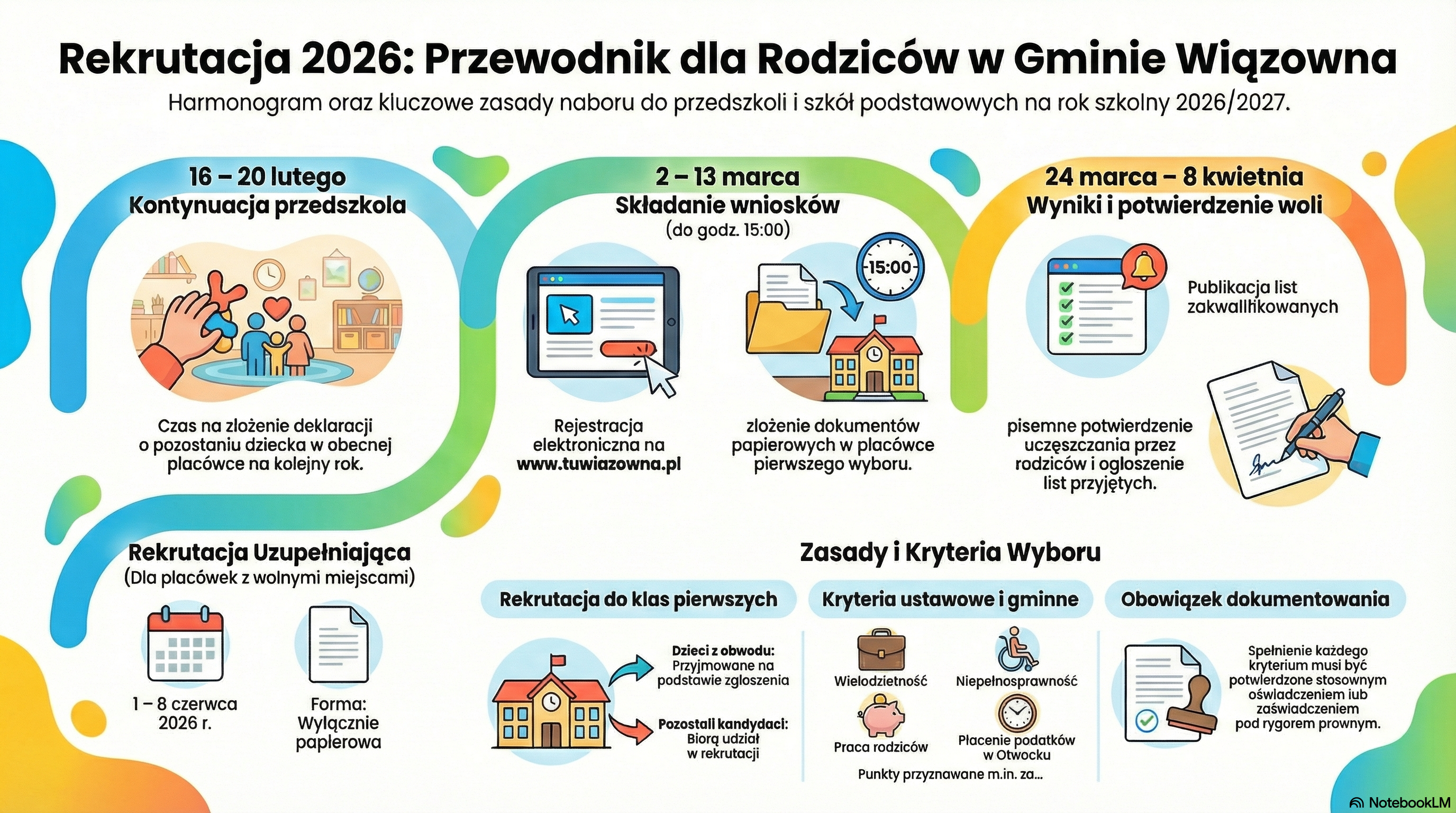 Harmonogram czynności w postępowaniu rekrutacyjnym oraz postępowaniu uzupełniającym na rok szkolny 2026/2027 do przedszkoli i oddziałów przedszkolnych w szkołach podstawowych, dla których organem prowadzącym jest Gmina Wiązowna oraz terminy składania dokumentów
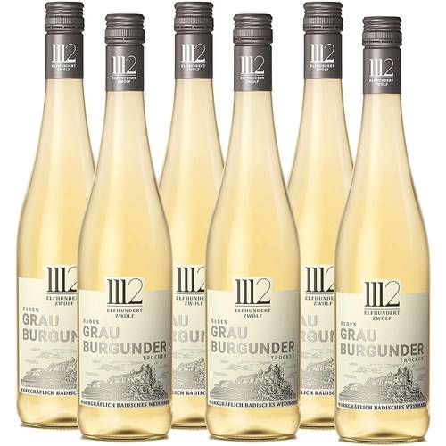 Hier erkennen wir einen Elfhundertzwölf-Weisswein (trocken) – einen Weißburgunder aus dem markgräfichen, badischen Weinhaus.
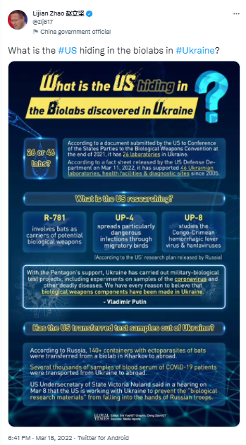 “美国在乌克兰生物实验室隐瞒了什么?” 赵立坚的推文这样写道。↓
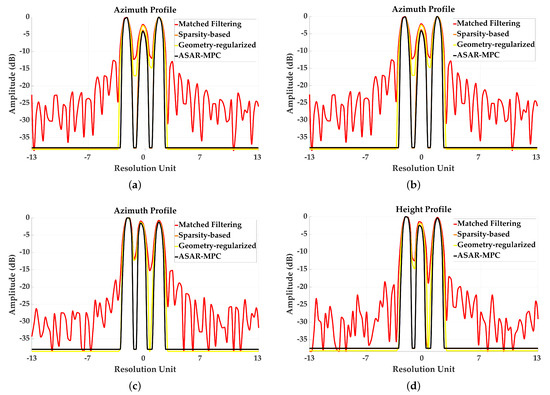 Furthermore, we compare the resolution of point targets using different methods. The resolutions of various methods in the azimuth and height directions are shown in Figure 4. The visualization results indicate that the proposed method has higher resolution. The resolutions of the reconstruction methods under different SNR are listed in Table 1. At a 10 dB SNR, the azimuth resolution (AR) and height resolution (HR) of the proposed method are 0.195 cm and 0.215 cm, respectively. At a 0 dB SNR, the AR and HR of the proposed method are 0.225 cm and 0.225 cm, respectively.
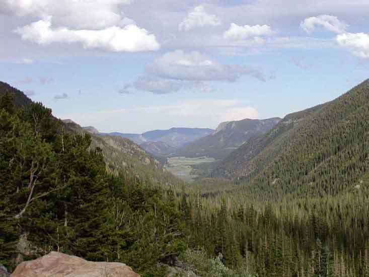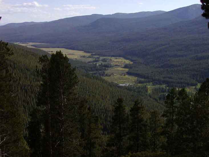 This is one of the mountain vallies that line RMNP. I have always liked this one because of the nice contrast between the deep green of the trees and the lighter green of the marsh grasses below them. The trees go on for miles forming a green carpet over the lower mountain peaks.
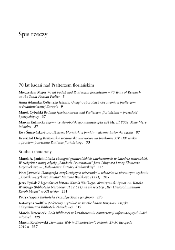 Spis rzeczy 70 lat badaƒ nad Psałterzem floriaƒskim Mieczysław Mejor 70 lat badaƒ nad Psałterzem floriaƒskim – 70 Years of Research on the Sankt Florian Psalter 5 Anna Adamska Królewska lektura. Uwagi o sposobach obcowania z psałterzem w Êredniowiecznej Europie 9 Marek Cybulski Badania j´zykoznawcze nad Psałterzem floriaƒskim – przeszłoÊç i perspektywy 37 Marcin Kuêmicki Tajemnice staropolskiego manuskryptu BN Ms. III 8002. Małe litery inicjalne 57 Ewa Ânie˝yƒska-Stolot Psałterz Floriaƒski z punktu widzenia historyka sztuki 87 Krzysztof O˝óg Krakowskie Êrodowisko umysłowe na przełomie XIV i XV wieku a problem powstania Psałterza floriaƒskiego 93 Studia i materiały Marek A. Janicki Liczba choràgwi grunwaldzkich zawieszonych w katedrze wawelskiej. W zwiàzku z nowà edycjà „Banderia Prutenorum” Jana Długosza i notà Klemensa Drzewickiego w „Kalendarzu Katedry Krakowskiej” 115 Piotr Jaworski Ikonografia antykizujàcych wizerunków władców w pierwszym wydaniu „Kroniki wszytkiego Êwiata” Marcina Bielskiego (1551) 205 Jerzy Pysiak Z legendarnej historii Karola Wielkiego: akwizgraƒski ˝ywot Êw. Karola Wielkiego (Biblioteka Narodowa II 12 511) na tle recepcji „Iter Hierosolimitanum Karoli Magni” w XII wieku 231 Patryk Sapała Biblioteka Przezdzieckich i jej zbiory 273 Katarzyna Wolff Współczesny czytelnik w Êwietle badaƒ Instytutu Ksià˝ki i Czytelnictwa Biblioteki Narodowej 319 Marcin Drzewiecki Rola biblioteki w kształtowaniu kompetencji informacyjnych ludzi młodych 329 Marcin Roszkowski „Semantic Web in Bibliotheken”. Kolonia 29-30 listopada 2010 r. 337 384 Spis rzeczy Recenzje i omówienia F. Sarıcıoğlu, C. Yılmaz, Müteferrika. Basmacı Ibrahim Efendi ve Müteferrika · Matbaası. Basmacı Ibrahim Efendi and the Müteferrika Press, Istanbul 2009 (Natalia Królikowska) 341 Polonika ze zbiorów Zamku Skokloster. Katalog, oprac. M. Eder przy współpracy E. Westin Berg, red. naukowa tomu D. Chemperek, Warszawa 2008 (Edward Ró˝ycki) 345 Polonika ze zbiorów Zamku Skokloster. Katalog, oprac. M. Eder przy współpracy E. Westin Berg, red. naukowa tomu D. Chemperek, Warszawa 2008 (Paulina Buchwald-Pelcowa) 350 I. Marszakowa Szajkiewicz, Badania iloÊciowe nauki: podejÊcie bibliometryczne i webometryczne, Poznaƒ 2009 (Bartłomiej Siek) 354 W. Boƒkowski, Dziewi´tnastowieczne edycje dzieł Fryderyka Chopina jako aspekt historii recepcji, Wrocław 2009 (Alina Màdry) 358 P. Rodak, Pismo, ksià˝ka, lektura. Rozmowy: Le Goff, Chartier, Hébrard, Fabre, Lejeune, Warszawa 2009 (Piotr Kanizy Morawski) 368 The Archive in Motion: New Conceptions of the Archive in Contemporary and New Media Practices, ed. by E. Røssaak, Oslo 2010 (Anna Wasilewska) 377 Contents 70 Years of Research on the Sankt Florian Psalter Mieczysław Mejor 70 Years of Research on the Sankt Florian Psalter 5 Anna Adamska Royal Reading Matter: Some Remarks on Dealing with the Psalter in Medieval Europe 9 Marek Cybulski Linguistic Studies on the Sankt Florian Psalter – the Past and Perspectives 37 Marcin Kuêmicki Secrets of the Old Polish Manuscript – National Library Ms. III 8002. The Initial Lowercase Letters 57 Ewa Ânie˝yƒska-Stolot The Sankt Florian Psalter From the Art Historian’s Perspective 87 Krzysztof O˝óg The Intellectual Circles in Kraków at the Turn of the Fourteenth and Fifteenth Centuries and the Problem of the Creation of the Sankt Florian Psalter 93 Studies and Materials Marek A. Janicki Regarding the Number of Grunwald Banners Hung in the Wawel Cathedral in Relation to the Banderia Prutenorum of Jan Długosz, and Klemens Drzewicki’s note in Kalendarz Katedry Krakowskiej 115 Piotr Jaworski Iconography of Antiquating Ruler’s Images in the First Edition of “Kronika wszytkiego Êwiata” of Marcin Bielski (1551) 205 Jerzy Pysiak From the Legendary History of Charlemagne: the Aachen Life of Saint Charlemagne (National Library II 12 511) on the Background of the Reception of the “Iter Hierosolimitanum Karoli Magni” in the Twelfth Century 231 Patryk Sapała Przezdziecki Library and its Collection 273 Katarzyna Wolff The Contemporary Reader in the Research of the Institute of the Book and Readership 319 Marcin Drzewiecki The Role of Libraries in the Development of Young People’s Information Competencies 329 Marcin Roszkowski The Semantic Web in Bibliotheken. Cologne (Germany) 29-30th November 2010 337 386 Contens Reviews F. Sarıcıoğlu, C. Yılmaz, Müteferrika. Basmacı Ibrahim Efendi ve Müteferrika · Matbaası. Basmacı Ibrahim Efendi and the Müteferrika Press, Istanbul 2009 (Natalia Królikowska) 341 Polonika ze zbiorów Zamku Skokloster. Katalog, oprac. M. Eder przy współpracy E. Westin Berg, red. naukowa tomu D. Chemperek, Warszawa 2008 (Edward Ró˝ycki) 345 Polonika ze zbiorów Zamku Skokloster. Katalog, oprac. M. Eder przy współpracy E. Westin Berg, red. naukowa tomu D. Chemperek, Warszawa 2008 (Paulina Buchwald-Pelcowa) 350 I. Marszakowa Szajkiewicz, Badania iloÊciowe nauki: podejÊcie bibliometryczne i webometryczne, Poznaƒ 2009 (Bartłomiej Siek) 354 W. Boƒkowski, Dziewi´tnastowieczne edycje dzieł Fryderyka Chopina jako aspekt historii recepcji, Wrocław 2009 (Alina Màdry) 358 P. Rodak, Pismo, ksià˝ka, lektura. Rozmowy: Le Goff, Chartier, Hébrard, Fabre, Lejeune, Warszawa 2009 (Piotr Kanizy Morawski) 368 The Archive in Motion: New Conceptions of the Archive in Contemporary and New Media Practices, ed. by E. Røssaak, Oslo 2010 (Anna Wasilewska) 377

........

TASK TO COMPLETE: Leave out the pictures and return the rest of the records exactly.

TASK RESULT:
 Harmonogram czynności w postępowaniu rekrutacyjnym oraz postępowaniu uzupełniającym na rok szkolny 2026/2027 do przedszkoli i oddziałów przedszkolnych w szkołach podstawowych, dla których organem prowadzącym jest Gmina Wiązowna oraz terminy składania dokumentów
 Hier erkennen wir einen Elfhundertzwölf-Weisswein (trocken) – einen Weißburgunder aus dem markgräfichen, badischen Weinhaus.
 “美国在乌克兰生物实验室隐瞒了什么?” 赵立坚的推文这样写道。↓
 Furthermore, we compare the resolution of point targets using different methods. The resolutions of various methods in the azimuth and height directions are shown in Figure 4. The visualization results indicate that the proposed method has higher resolution. The resolutions of the reconstruction methods under different SNR are listed in Table 1. At a 10 dB SNR, the azimuth resolution (AR) and height resolution (HR) of the proposed method are 0.195 cm and 0.215 cm, respectively. At a 0 dB SNR, the AR and HR of the proposed method are 0.225 cm and 0.225 cm, respectively.
 This is one of the mountain vallies that line RMNP. I have always liked this one because of the nice contrast between the deep green of the trees and the lighter green of the marsh grasses below them. The trees go on for miles forming a green carpet over the lower mountain peaks.
 Spis rzeczy 70 lat badaƒ nad Psałterzem floriaƒskim Mieczysław Mejor 70 lat badaƒ nad Psałterzem floriaƒskim – 70 Years of Research on the Sankt Florian Psalter 5 Anna Adamska Królewska lektura. Uwagi o sposobach obcowania z psałterzem w Êredniowiecznej Europie 9 Marek Cybulski Badania j´zykoznawcze nad Psałterzem floriaƒskim – przeszłoÊç i perspektywy 37 Marcin Kuêmicki Tajemnice staropolskiego manuskryptu BN Ms. III 8002. Małe litery inicjalne 57 Ewa Ânie˝yƒska-Stolot Psałterz Floriaƒski z punktu widzenia historyka sztuki 87 Krzysztof O˝óg Krakowskie Êrodowisko umysłowe na przełomie XIV i XV wieku a problem powstania Psałterza floriaƒskiego 93 Studia i materiały Marek A. Janicki Liczba choràgwi grunwaldzkich zawieszonych w katedrze wawelskiej. W zwiàzku z nowà edycjà „Banderia Prutenorum” Jana Długosza i notà Klemensa Drzewickiego w „Kalendarzu Katedry Krakowskiej” 115 Piotr Jaworski Ikonografia antykizujàcych wizerunków władców w pierwszym wydaniu „Kroniki wszytkiego Êwiata” Marcina Bielskiego (1551) 205 Jerzy Pysiak Z legendarnej historii Karola Wielkiego: akwizgraƒski ˝ywot Êw. Karola Wielkiego (Biblioteka Narodowa II 12 511) na tle recepcji „Iter Hierosolimitanum Karoli Magni” w XII wieku 231 Patryk Sapała Biblioteka Przezdzieckich i jej zbiory 273 Katarzyna Wolff Współczesny czytelnik w Êwietle badaƒ Instytutu Ksià˝ki i Czytelnictwa Biblioteki Narodowej 319 Marcin Drzewiecki Rola biblioteki w kształtowaniu kompetencji informacyjnych ludzi młodych 329 Marcin Roszkowski „Semantic Web in Bibliotheken”. Kolonia 29-30 listopada 2010 r. 337 384 Spis rzeczy Recenzje i omówienia F. Sarıcıoğlu, C. Yılmaz, Müteferrika. Basmacı Ibrahim Efendi ve Müteferrika · Matbaası. Basmacı Ibrahim Efendi and the Müteferrika Press, Istanbul 2009 (Natalia Królikowska) 341 Polonika ze zbiorów Zamku Skokloster. Katalog, oprac. M. Eder przy współpracy E. Westin Berg, red. naukowa tomu D. Chemperek, Warszawa 2008 (Edward Ró˝ycki) 345 Polonika ze zbiorów Zamku Skokloster. Katalog, oprac. M. Eder przy współpracy E. Westin Berg, red. naukowa tomu D. Chemperek, Warszawa 2008 (Paulina Buchwald-Pelcowa) 350 I. Marszakowa Szajkiewicz, Badania iloÊciowe nauki: podejÊcie bibliometryczne i webometryczne, Poznaƒ 2009 (Bartłomiej Siek) 354 W. Boƒkowski, Dziewi´tnastowieczne edycje dzieł Fryderyka Chopina jako aspekt historii recepcji, Wrocław 2009 (Alina Màdry) 358 P. Rodak, Pismo, ksià˝ka, lektura. Rozmowy: Le Goff, Chartier, Hébrard, Fabre, Lejeune, Warszawa 2009 (Piotr Kanizy Morawski) 368 The Archive in Motion: New Conceptions of the Archive in Contemporary and New Media Practices, ed. by E. Røssaak, Oslo 2010 (Anna Wasilewska) 377 Contents 70 Years of Research on the Sankt Florian Psalter Mieczysław Mejor 70 Years of Research on the Sankt Florian Psalter 5 Anna Adamska Royal Reading Matter: Some Remarks on Dealing with the Psalter in Medieval Europe 9 Marek Cybulski Linguistic Studies on the Sankt Florian Psalter – the Past and Perspectives 37 Marcin Kuêmicki Secrets of the Old Polish Manuscript – National Library Ms. III 8002. The Initial Lowercase Letters 57 Ewa Ânie˝yƒska-Stolot The Sankt Florian Psalter From the Art Historian’s Perspective 87 Krzysztof O˝óg The Intellectual Circles in Kraków at the Turn of the Fourteenth and Fifteenth Centuries and the Problem of the Creation of the Sankt Florian Psalter 93 Studies and Materials Marek A. Janicki Regarding the Number of Grunwald Banners Hung in the Wawel Cathedral in Relation to the Banderia Prutenorum of Jan Długosz, and Klemens Drzewicki’s note in Kalendarz Katedry Krakowskiej 115 Piotr Jaworski Iconography of Antiquating Ruler’s Images in the First Edition of “Kronika wszytkiego Êwiata” of Marcin Bielski (1551) 205 Jerzy Pysiak From the Legendary History of Charlemagne: the Aachen Life of Saint Charlemagne (National Library II 12 511) on the Background of the Reception of the “Iter Hierosolimitanum Karoli Magni” in the Twelfth Century 231 Patryk Sapała Przezdziecki Library and its Collection 273 Katarzyna Wolff The Contemporary Reader in the Research of the Institute of the Book and Readership 319 Marcin Drzewiecki The Role of Libraries in the Development of Young People’s Information Competencies 329 Marcin Roszkowski The Semantic Web in Bibliotheken. Cologne (Germany) 29-30th November 2010 337 386 Contens Reviews F. Sarıcıoğlu, C. Yılmaz, Müteferrika. Basmacı Ibrahim Efendi ve Müteferrika · Matbaası. Basmacı Ibrahim Efendi and the Müteferrika Press, Istanbul 2009 (Natalia Królikowska) 341 Polonika ze zbiorów Zamku Skokloster. Katalog, oprac. M. Eder przy współpracy E. Westin Berg, red. naukowa tomu D. Chemperek, Warszawa 2008 (Edward Ró˝ycki) 345 Polonika ze zbiorów Zamku Skokloster. Katalog, oprac. M. Eder przy współpracy E. Westin Berg, red. naukowa tomu D. Chemperek, Warszawa 2008 (Paulina Buchwald-Pelcowa) 350 I. Marszakowa Szajkiewicz, Badania iloÊciowe nauki: podejÊcie bibliometryczne i webometryczne, Poznaƒ 2009 (Bartłomiej Siek) 354 W. Boƒkowski, Dziewi´tnastowieczne edycje dzieł Fryderyka Chopina jako aspekt historii recepcji, Wrocław 2009 (Alina Màdry) 358 P. Rodak, Pismo, ksià˝ka, lektura. Rozmowy: Le Goff, Chartier, Hébrard, Fabre, Lejeune, Warszawa 2009 (Piotr Kanizy Morawski) 368 The Archive in Motion: New Conceptions of the Archive in Contemporary and New Media Practices, ed. by E. Røssaak, Oslo 2010 (Anna Wasilewska) 377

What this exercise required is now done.